Working with our hands

Who doesn't love a weekend that involves a visit from your dad, home repair, pancake breakfasts and a nap on the lawn?  That pretty much sums up the last couple days at our house.  My dad came out on Saturday to bring out the wooden rabbit hutch he had built for my bunny, who had been living in a tiny cage in my house for waaay too long.  After a trip to the Farm King, where we ran into my cousin, (who goes to school at the university out here) my dad fixed the broken kitchen light and replaced the outdated shades on the ceiling fan.  He also cleaned the filter to my furnace, ripped up the last fragment of shag carpet in the house and showed me a faster way to pull out those pesky carpet staples.

On Sunday morning, my dad and I watched some Sheep TV from the adirondack chairs under the ginkgo tree while my dad sipped his morning coffee and I ate some chocolate chip cookies my mom sent with my dad.  Joey was working at the fire department's fundraiser breakfast so we met him up at the American Legion to enjoy some hot pancakes.  Then we rolled down the windows in my car and went for a Sunday drive down gravel roads and out to the lake that supplies our city water.  My dad left for home after he and Joey rigged up an interesting way to move a tractor that doesn't run into our garage using some chains, a wooden plank, and the John Deere A.

When I was little, I thought my dad could build anything and fix anything.  And I still think so, today.  It was great to spend time by his side this weekend, working together to figure out what was wrong with the wiring for the hallway lights, fixing the kitchen light and taking apart the dryer to find out why it wasn't working.  My sister and I were raised to run steam engines, picked up from school in a Model-T Ford, and carried our own packs on Boundary Water canoe trips.  My dad has always treated us as if we are capable of doing anything, even activities and hobbies that are often considered "boy" things.  And now that I am a homeowner, I am so excited that I can share my new interest in home repair and maintenance with my dad.  Before, I never really thought about how lights were wired or the insides of my furnace or dryer.  I am really excited to be working on my own house, and proud of the fact that I own my own home.  I am happy to learn from my dad and I hope that he is proud of the work that I am doing.  I can't wait until we can work together again.

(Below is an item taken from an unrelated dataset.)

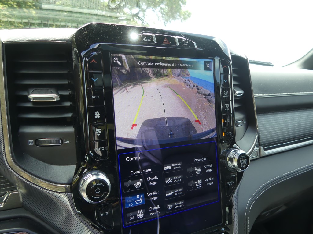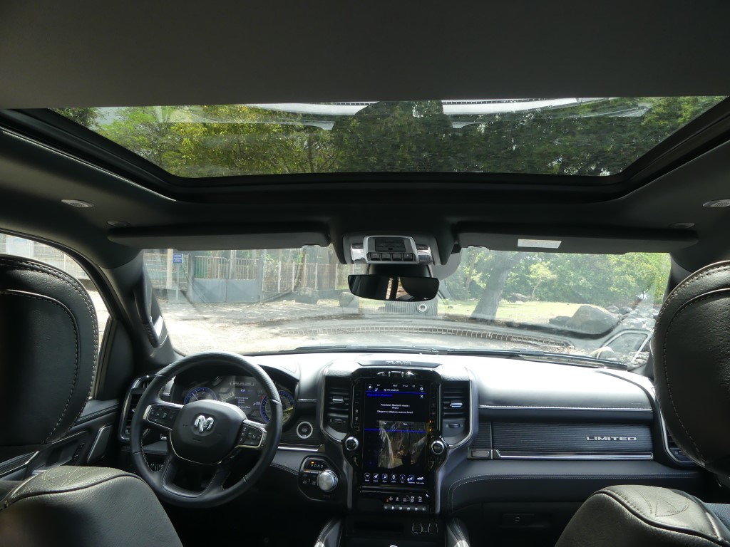 Beaucoup de nouveautés aussi dans l'habitacle de cette nouvelle génération du pickup Ram 1500. La sellerie est nouvelle, on y découvre de superbes sièges en cuir dont le dessin a été revu, ces sièges sont chauffants et climatisés, à l'avant comme à l'arrière, une première sur un pickup. Le dessin du tableau de bord est nouveau lui aussi, on y trouve un nouvel écran central UConnect de 12 pouces tactile en position verticale, qui n'est pas sans rappeler les impressionnants écrans tactiles des Tesla. L'auditorium Alpine est maintenant remplacé par une sono haut de gamme Harman Kardon de 900 watts avec 19 enceintes. On constate aussi le nouveau toit ouvrant panoramique qui fait sa première apparition dans le Ram 2019. Est aussi proposé la technologie de recharge du smartphone par induction. Le Ram 2019 inaugure aussi tout un système très complet d'aide à la conduite. Il est maintenant équipé d'un régulateur de vitesse adaptatif avec système anticollision, il est équipé de détecteurs aux angles morts et d'un système d'aide au maintien dans sa voie de circulation. Une nouvelle caméra de parking à 360 degrès vient en aide aux radars de stationnement avants et arrières. Et si cela ne suffit pas, ce nouveau Ram peut se garer tout seul grâce à l'Active Park Assist. Il est maintenant aussi équipé de la technologie Start & Stop.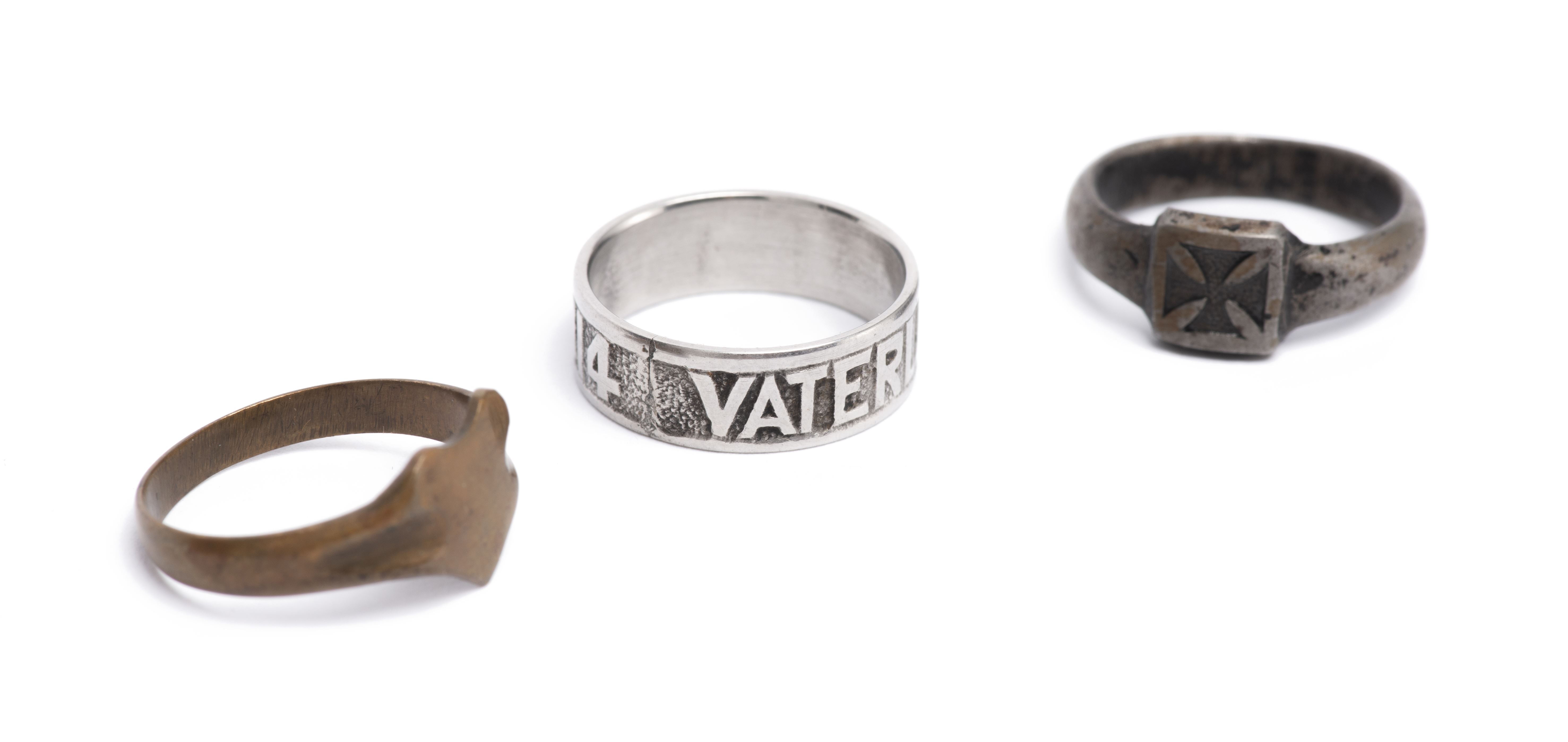 Trois bagues de soldats allemands, dont deux de 1914 :

Dancing with my dad at my wedding


After a weekend of getting work done, Joey and I were ready to relax late Sunday afternoon.  There was a beautiful breeze, all of our animals were happy and fed, and our kitchen light worked again, so we laid a quilt on the lawn under the ginkgo tree and took a nap.  I laid on the quilt, with my head on a pillow, watching the clouds and hoping for rain, and thought about how wonderful it felt to see the sky, and feel the breeze bristle the hair on my arms and the scratchiness of the dry grass on my toes, and listen to the soundtrack of our new life in the country: crickets, birds, roosters, sheep baaas and the occasional cow moo.